▸ What you need to do: Print the listing in its entirety and exactly, leaving out images.

▸ Stored data:
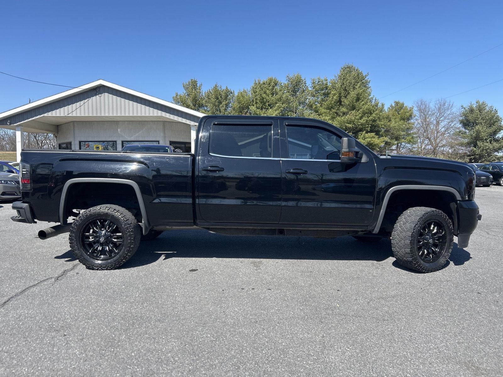 Thanks for checking out McCoy Auto Sales of Chambersburg, Pa. This Onyx Black 2015 GMC Sierra 2500HD Denali is ready to hit the road with you! This capable truck has a 6.6L V8 Duramax with an Allison 6 speed automatic and 4 wheel drive! This truck has been tastefully modified with some updated tail lamps and Rigid fog lamps, it has been lifted, and sits on 20" Fuel wheels with 33" off road tires! Included features are power, heated and cooled seats, leather, a sunroof, tri fold tonneau cover, backup camera, touch screen audio system, GPS navigation, SiriusXM available, and more. This is a locally owned vehicle, stop in, take it for a spin then make it yours, it would be a great addition to your garage!! At McCoy Auto Sales you'll find a great selection of quality hand-picked vehicles to choose from at affordable prices! We price our cars based on the market and sell them quickly. We are a no hassle, no games dealership and even though we feel our prices are competitive, we are here to sell them so if we're close don't hesitate to make a reasonable offer. We offer multiple financing options, take trades and will do our best to make sure buying a vehicle is as simple as it should be!
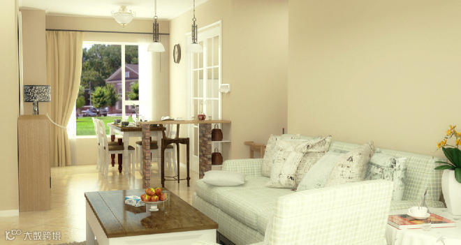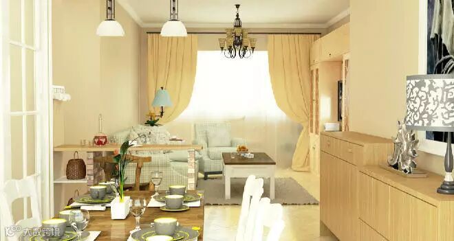 黄色的墙,黄色的帘,白色的沙发是我们的家……
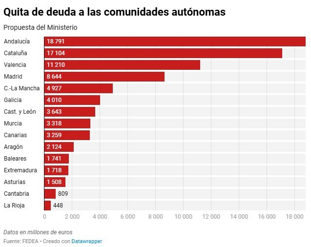 La propuesta del departamento de María Jesús Montero beneficia a primera vista a Andalucía, a la que se adjudicaría la mayor cuantía: 18.791 millones de euros. Y, en segundo lugar, a Cataluña, con 17.104 millones. Un golpe de efecto con el que Montero, también candidata del PSOE a la Junta de Andalucía, trató de camuflar que la medida, exigida por ERC para investir a Pedro Sánchez, fuera una dádiva más al separatismo.

▸ Written solution:
 Thanks for checking out McCoy Auto Sales of Chambersburg, Pa. This Onyx Black 2015 GMC Sierra 2500HD Denali is ready to hit the road with you! This capable truck has a 6.6L V8 Duramax with an Allison 6 speed automatic and 4 wheel drive! This truck has been tastefully modified with some updated tail lamps and Rigid fog lamps, it has been lifted, and sits on 20" Fuel wheels with 33" off road tires! Included features are power, heated and cooled seats, leather, a sunroof, tri fold tonneau cover, backup camera, touch screen audio system, GPS navigation, SiriusXM available, and more. This is a locally owned vehicle, stop in, take it for a spin then make it yours, it would be a great addition to your garage!! At McCoy Auto Sales you'll find a great selection of quality hand-picked vehicles to choose from at affordable prices! We price our cars based on the market and sell them quickly. We are a no hassle, no games dealership and even though we feel our prices are competitive, we are here to sell them so if we're close don't hesitate to make a reasonable offer. We offer multiple financing options, take trades and will do our best to make sure buying a vehicle is as simple as it should be!
 黄色的墙,黄色的帘,白色的沙发是我们的家……
 La propuesta del departamento de María Jesús Montero beneficia a primera vista a Andalucía, a la que se adjudicaría la mayor cuantía: 18.791 millones de euros. Y, en segundo lugar, a Cataluña, con 17.104 millones. Un golpe de efecto con el que Montero, también candidata del PSOE a la Junta de Andalucía, trató de camuflar que la medida, exigida por ERC para investir a Pedro Sánchez, fuera una dádiva más al separatismo.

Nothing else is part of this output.